Out of the 133 clinical samples with a successful PCR IDH determination, IDH1/2 mutations were detected in 54% of cases. The frequency of mutations by histological subtype was similar to previous reports from large series [5] with 13% of mutations identified in primary GBMs as opposed to 83% in the other subtypes. We further examined the PCR test accuracy by comparing, in a blind manner, the results obtained from the 133 clinical FFPE samples to the ones from IDH1 R132H-IHC and Sanger sequencing, which are the 2 main clinical diagnostic technologies recommended in the current algorithms for IDH testing. Overall concordance for IDH1 R132H detection was 99% between PCR and IHC and 96% between PCR and Sanger sequencing. Positive concordances were high, with 98% between PCR and IHC and 100% between PCR and Sanger sequencing. The high concordance of the new PCR assay with the standard technologies demonstrated that the test could be used reliably for clinical diagnostics.

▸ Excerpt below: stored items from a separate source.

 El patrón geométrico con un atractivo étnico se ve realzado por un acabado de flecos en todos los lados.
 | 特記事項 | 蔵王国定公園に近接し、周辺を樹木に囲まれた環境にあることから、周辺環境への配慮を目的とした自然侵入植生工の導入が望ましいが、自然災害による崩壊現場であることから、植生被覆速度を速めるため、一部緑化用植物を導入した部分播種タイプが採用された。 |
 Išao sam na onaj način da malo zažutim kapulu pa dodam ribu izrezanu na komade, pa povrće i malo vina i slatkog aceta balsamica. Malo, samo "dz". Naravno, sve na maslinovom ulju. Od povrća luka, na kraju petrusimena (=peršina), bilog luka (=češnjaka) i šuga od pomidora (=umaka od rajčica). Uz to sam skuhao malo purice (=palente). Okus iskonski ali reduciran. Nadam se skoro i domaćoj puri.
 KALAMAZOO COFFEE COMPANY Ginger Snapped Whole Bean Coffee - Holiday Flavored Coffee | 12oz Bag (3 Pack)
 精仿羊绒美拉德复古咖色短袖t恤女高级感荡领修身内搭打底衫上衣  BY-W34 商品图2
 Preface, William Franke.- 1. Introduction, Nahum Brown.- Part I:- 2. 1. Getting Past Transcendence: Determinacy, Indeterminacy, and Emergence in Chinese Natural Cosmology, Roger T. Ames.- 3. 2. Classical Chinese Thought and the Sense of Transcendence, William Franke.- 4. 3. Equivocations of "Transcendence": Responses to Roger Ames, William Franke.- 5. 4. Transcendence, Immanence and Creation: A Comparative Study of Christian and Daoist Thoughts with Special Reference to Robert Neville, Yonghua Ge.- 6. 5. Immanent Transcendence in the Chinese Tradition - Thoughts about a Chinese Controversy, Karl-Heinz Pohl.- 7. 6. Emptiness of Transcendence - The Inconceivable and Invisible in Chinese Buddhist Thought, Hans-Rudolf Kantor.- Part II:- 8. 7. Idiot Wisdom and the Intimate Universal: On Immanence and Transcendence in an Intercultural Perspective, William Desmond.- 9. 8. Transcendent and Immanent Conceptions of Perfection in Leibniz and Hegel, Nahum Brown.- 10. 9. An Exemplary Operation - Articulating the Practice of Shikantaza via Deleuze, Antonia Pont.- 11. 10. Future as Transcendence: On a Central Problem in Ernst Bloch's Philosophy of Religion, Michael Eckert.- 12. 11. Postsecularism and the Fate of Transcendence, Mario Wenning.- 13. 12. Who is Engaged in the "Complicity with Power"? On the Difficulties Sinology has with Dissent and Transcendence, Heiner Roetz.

Regarding the agreement with IDH1 R132H-IHC, only one case was detected as negative discordant and this case was likely to be a false-positive IHC case as its analysis with 2 additional sensitive techniques confirmed its PCR and Sanger sequencing-identified IDH WT status. This highlights the need to ensure high quality in IHC testing when used for routine clinical diagnostic [37]. The number of cases (5 identified in total) with conflicting results from the IDH1/2 PCR assay and Sanger sequencing was less than 4%. Three of them could be explained by a low mutant allele content (<20%) which is below the Sanger sequencing sensitivity and therefore the mutation could not be detected using this technique. This further illustrates that if sensitivity of sequencing is generally not an issue when analyzing tumor samples with high content of neoplastic cells, it can become a limiting factor in the absence of macro-dissection for samples with a low tumor cellularity, leading to false negative results.

Overall, only 2 false-positive PCR results out of the 133 samples tested here were identified by comparison of IHC, Sanger sequencing, pyrosequencing and LNA-sequencing, which consistently established a WT IDH status for these 2 samples. Repeated PCR tests on these samples indicated a WT IDH status, supporting the hypothesis that the false-positive result from the first run might have come from an experimental error.

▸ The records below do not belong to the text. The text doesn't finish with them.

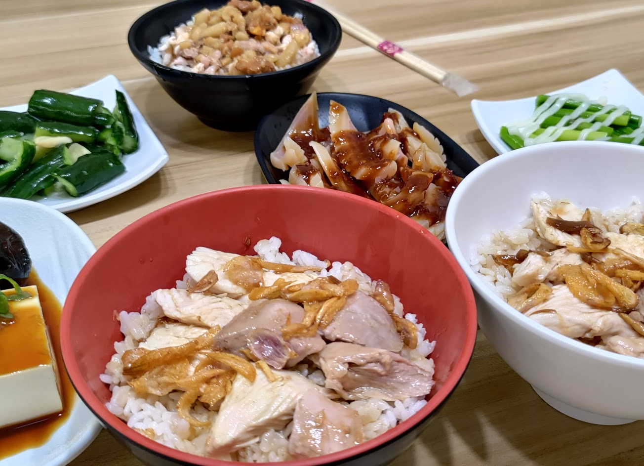 雞肉飯跟雞片飯都很好吃,油蔥酥很香。半熟荷包蛋很讚,味增湯跟蝦仁湯表現也很不錯,小菜很清爽,店面環境很整潔。
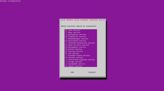 在一个全新安装的Ubuntu 22.04 LTS上,每次使用apt安装或更新软件包时,会出现一个 Daemons using outdated libraries 弹窗,Which service should be restarted ? 大概是下面这个样子:
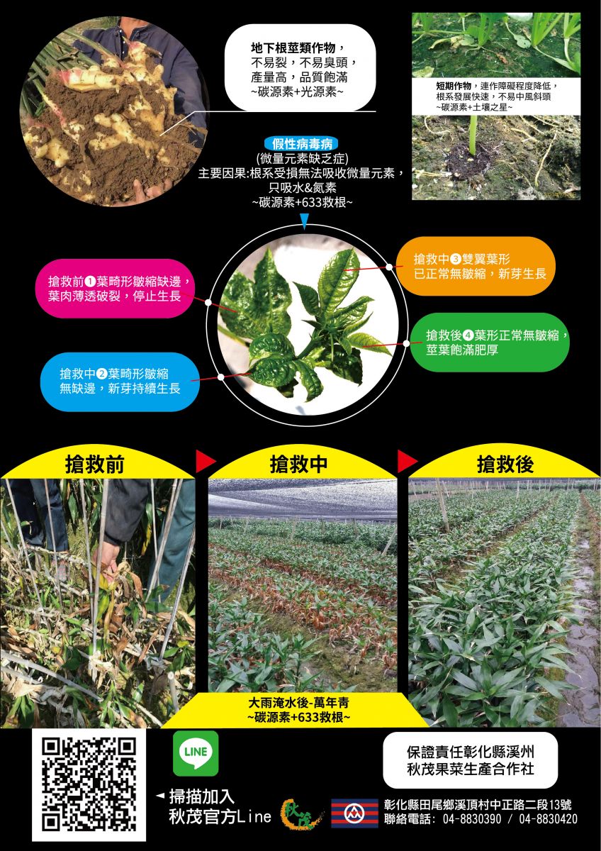 解救土壤碳飢渴(過施化肥、有機質不足、土壤酸化鹽化、土壤板結硬化等)&根系受損(連作、肥傷、澇傷、病害等)之生長障礙(假瘋欉、假性病毒病、微生元素缺乏症等
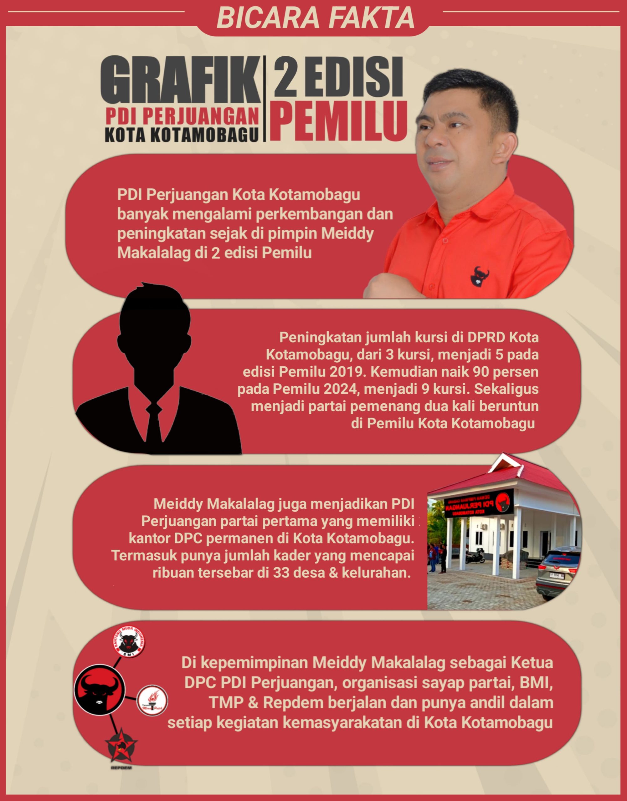 KRONIK TOTABUAN – Ketua DPC PDIP Kotamobagu, Meiddy Makalalag, sangat diinginkan kader mulai dari Anak Ranting, Ranting, PAC, dan DPC untuk dicalonkan sebagai calon walikota pada Pilkada serentak November 2024 mendatang.

Additional synthetic samples were further analyzed in order to confirm the correct detection of all 11 rare mutations from the PCR assay and this analysis indicated 100% correct calls, further validating the performance of the assay.

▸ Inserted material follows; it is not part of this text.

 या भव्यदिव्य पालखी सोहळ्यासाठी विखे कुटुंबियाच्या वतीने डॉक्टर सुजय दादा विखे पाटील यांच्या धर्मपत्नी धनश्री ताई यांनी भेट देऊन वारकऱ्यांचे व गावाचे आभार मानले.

Interestingly, a new dinucleotide deletion/insertion mutation has been reported since the design of this assay [38]. Since this newly identified mutation is localized within the codon 132 of the IDH1 gene, the assay design and more specifically the clamping reaction, may allow its detection. It will be of interest to confirm this on synthetic samples reproducing this mutation and then on clinical FFPE samples if available.

Conclusions

In summary, we have developed a new PCR-based assay which enables rapid and simple detection of the major IDH1 R132H mutation and of 11 rarer IDH1/2 ones in FFPE glioma samples. The test is designed as a single-step PCR procedure combining clamping and ARMS. We have established here the high sensitivity and reliability of this new assay and validated it on 171 FFPE clinical samples, indicating that the test fulfilled both analytical and clinical performance required for implementation in clinical practice. The PCR test could be used as a rapid and robust novel tool in the clinical assessment of diffuse gliomas as well as in selecting patients suitable for clinical trials.